Jan 16, 2025  · 8 min read

Recently, NVIDIA released an innovative model called LLaMA-Mesh, which is capable of generating 3D meshes from plain text descriptions.

It also works the other way around: given a 3D mesh, the model can identify the object.

This is a significant advancement for machine learning, since understanding the 3D space is a crucial step towards AGI. LLaMA-Mesh is also a valuable tool for professionals and enthusiasts who frequently work with software like Blender, making the process of generating and using 3D meshes faster.

In this short guide, I’ll explain the model’s capabilities and run a few examples to help you understand its potential and limitations.

What Is LLaMa-Mesh?

LLaMA-Mesh is an innovative model developed by NVIDIA that extends the capabilities of large language models (LLMs) to the 3D domain.

Unlike any model before it, LLaMA-Mesh unifies text and 3D modalities, allowing users to create 3D meshes through simple natural language prompts. 

Under the hood, the model is a fine-tuned LLaMa-3.1-8B-Instruct. The model works by encoding 3D mesh data in a text-based format, specifically using the OBJ file standard, which describes vertices and faces as plain text.

How to Access LLaMa-Mesh

There are three ways you can go about using the model:

  1. You can run the model locally through Hugging Face—the repository is available here.
  2. For those of you who are proficient with Blender and want to use the model there, it is available as a blender addon.
  3. The authors have also set up an online demo on the Hugging Face platform that I will use to generate experimental meshes for the guide.
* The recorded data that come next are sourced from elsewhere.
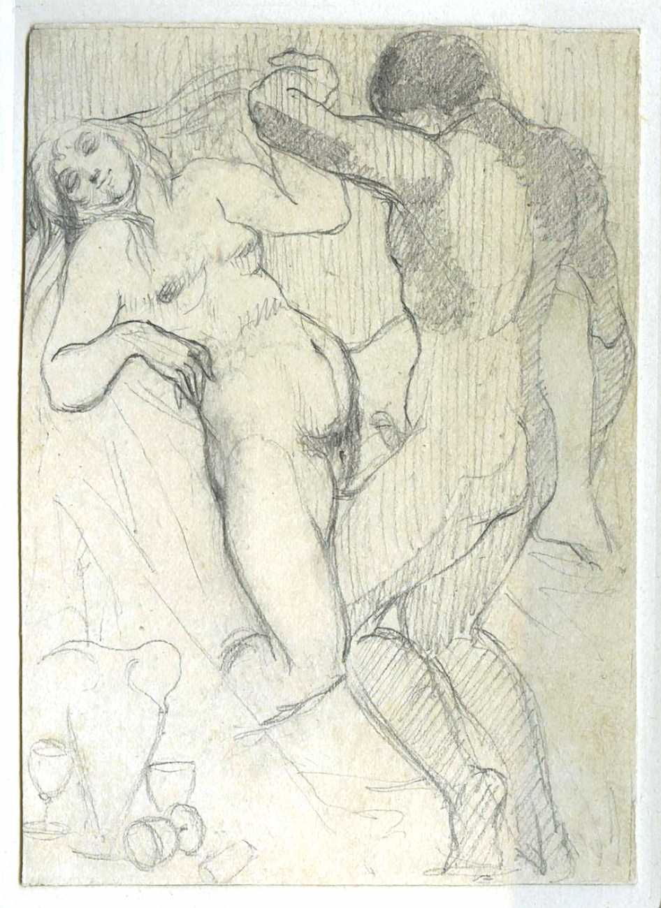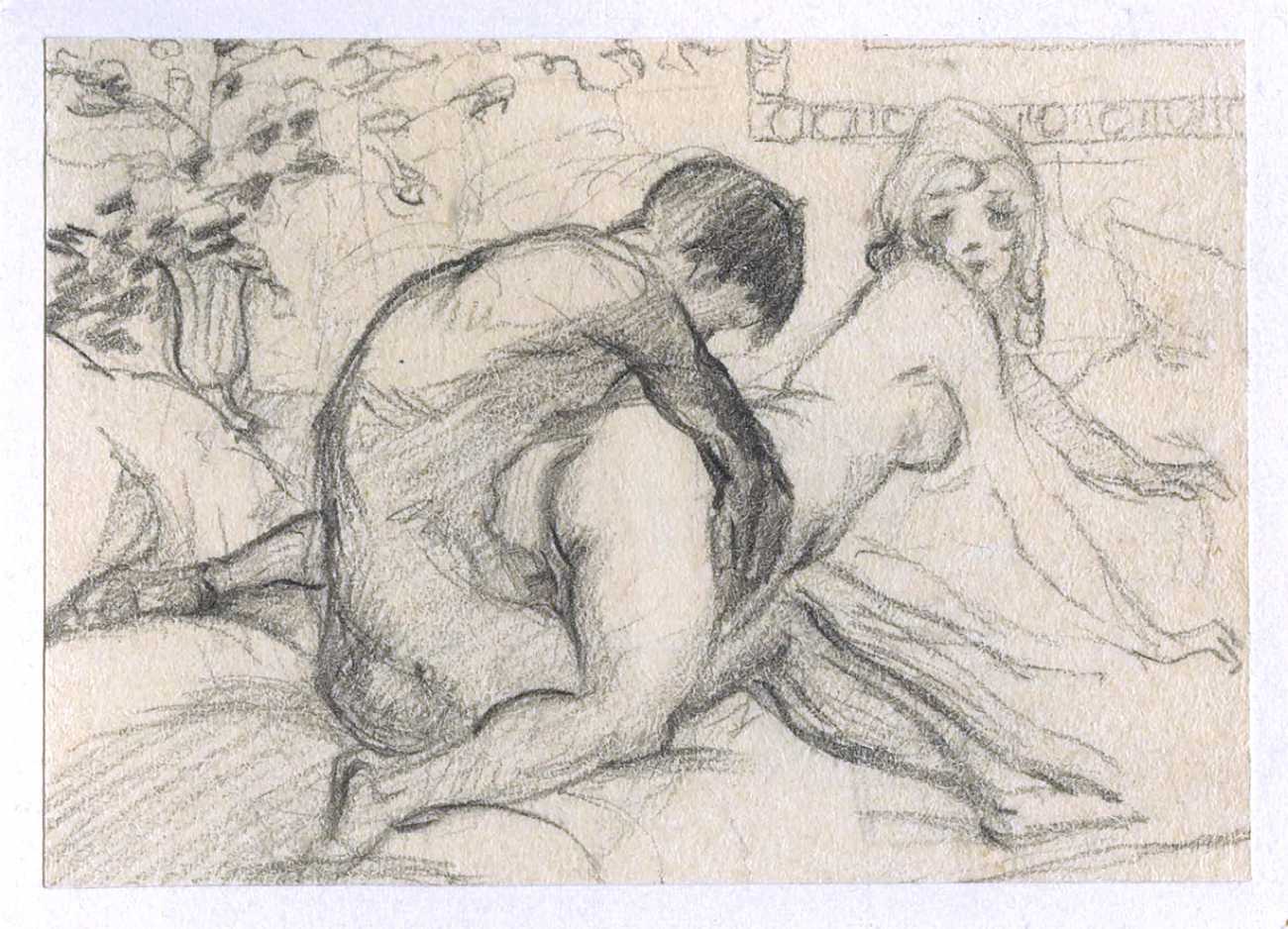 As far as we are aware, this portfolio of drawings with the generic title Accouplements (Couplings) is the only set of explicitly erotic drawings of Kernstok to have survived. Until May 2021 they were in the possession of the long-time erotica collector Tony Fekete, when they were sold in the Christie’s auction of a large part of that library.
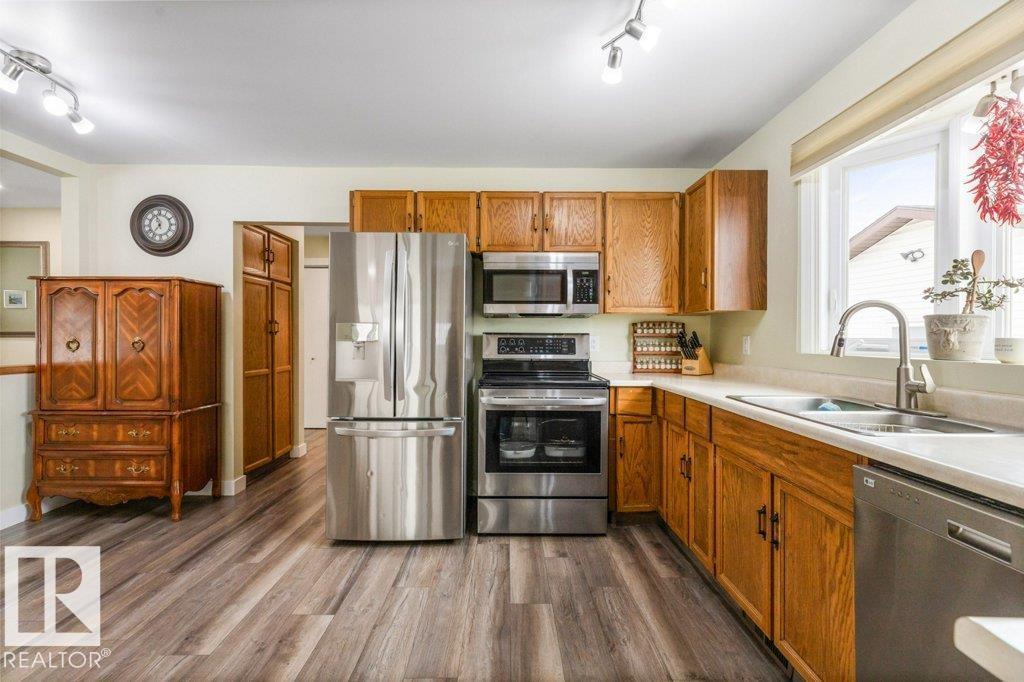 Spacious FIVE BEDROOM, THREE FULL BATH home located on a quiet street in Lorelei. This home has an spacious open concept living, dining & kitchen area. The living room has a tile faced W/B fireplace along with 2 large windows. The kitchen provides good work & storage space along with a window overlooking the back yard. The primary bedroom comes complete with a walk in closet & 3 piece en-suite bath. There are two more well sized bedrooms on the main floor along with a newer 4 piece bath servicing them. The modern basement offers 2 more spacious bedrooms both with egress windows, a large family room, 4 piece bath, laundry/mechanical room & a large storage room. The entire home has luxury vinyl plank throughout. Outside you will find a fully fenced yard with fruit trees, garden & a double detached garage. There are numerous updates including, triple pane windows throughout, multi point lock exterior doors, permitted basement development, 3 fully updated baths, new HWT, sump, back water valve & much more! (id:51989)
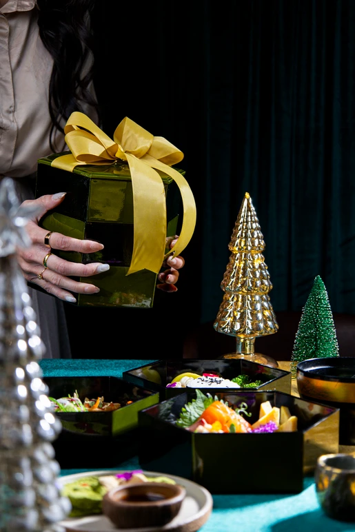 Unwrap the magic with Festive in Bento, a trio of exquisite surprises presented like a Christmas gift, meticulously crafted with Japanese artistry. Each bento comes with A Holiday Note from Santa: "Ho ho ho! As you open this Festive in Bento, think of it as a little present from me to you—wrapped with care, sprinkled with nostalgia, and filled with the quiet magic of the season." Available at IDR 500,000++, with an optional sake pairing for an additional IDR 300,000++.

This is what the demo WebApp looks like:

Nvidia Llama Mesh

The online demo supports up to 4096 tokens, while the full model supports 8K. Therefore, we need to run the model locally to experience its full capabilities.

Next, I’ll generate three examples of shapes of increasing difficulty to test the model's limitations. I will run the examples on both the 4K and 8K token versions of the model to see how they differ.

How to Set Up LLaMa-Mesh for Local or Cloud-Based Use

For this guide, I will demonstrate running the model using Google Colab’s A100 GPU runtime. If you have sufficient computational power locally, the same code can be adapted to run on your personal hardware. The Hugging Face repository is available here.

To get started, we need to import the necessary libraries and download the model and the tokenizer:

from transformers import AutoModelForCausalLM, AutoTokenizer


model_path = "Zhengyi/LLaMA-Mesh"
tokenizer = AutoTokenizer.from_pretrained(model_path)
model = AutoModelForCausalLM.from_pretrained(model_path, device_map="auto").cuda()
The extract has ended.